The "Reconciliation Only" Option: Just Give Medicaid to Those Who Can't Afford Insurance

If the House Democrats can't find the vote for the Senate bill, and the Senate Democrats are too collectively ego-driven to support a reconciliation sidecar, then the only remaining strategy I can see for a significant increase in insurance coverage is to use reconciliation to just give most Americans who can't afford health insurance access to coverage through Medicaid, Medicare, or SCHIP. This is simple, clean, easy to explain, and a more cost-effective way to expand coverage. Not going this route in the first place was a huge mistake.

The Senate bill expanded insurance to 15 million Americans by increasing Medicaid eligibility for every American to 133% of the federal poverty line (FPL), and by maintaining the SCHIP program. That represented $395 billion of the total cost of the bill. The Kaiser Family Foundation concluded that roughly 30 million of the uninsured in this country are below 200% of the FPL. A recent poll by them also found that when people were told the bill would expand Medicaid to every family making less than $29,000 a year, 62% of voters said that made them more supportive of the bill, while only 22% said they were less supportive.

Expanding Medicaid to everyone below 215% of the FPL, and expanding SCHIP coverage to all uninsured children, should give roughly 30 million more Americans insurance for a cost of just under $800 billion, which is less than the Senate bill.

The Medicaid expansion could be structured to also work as a de facto extreme catastrophic insurance policy for people over 215% FPL. You could set it up so that if anyone suffered from a major medical emergency, which cost so much it effectively made their yearly income below 215% FPL, they would, at that point, be covered by Medicaid. This would effectively put an end to medical bankruptcy in this country.

Early Medicare buy-in could be added for people without insurance who are between 47-65. This is the group who, even if they have money, tend to have the toughest time finding affordable, quality health insurance.

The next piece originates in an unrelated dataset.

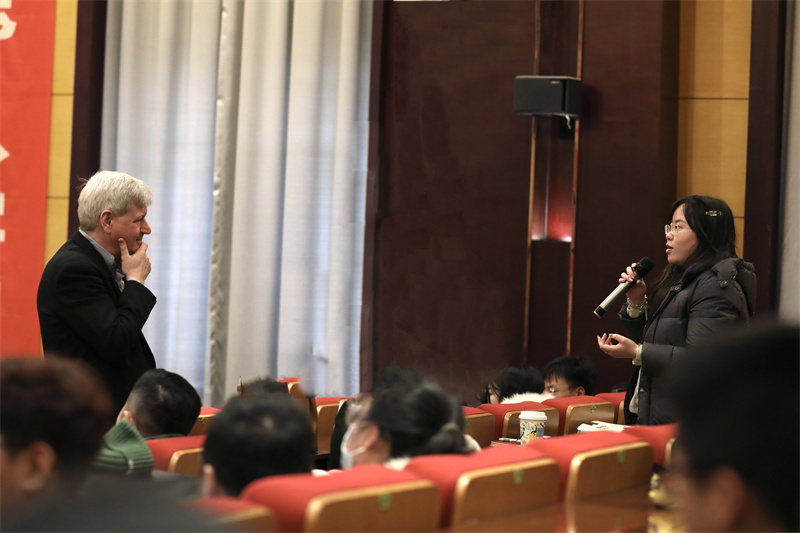 会后,在留学生院306学术报告厅,罗伯特为艺术与传媒学院师生作题为“视觉传达、室内设计、时尚产业国际发展情况及未来发展情况”的学术讲座,在广大师生中引起了强烈反响。罗伯特以时尚产业为切入点,讲述了多个艺术专业领域的产业发展光谱,讲座内容深入浅出,为师生们带来了全新的学术视角和启发。与会师生积极就讲座内容及国际合作办学等方面的问题与罗伯特进行了亲切互动,现场气氛热烈。师生们还和罗伯特互留了联系方式以便将来进一步交流并合影留念。

Expanding Medicaid, Medicare, and SCHIP are all doable under reconciliation. A bill that does these three things would only need a simple majority in the Senate, would be cheaper than the current Senate bill, and probably be no more than 30 pages long. This strategy of simply giving people who can't afford insurance coverage through Medicaid and Medicare is extremely easy to explain. Also, these public programs are already covered under the Hyde amendment, so there shouldn't be objections from anti-choice Democrats like Bart Stupak. I don't doubt for a second that a 30-page bill that simply gave those without insurance Medicaid would be dramatically more popular than the current Senate bill.

Don't buy the lie that passing the Senate bill "as is" in the House is the only option. The Senate can adopt a reconciliation sidecar strategy, or they can do a significant coverage expansion even more cost effectively by using a reconciliation measure for a whole new bill. The problem is not reluctant House members or Senate rules. The problem is the Democratic senators themselves.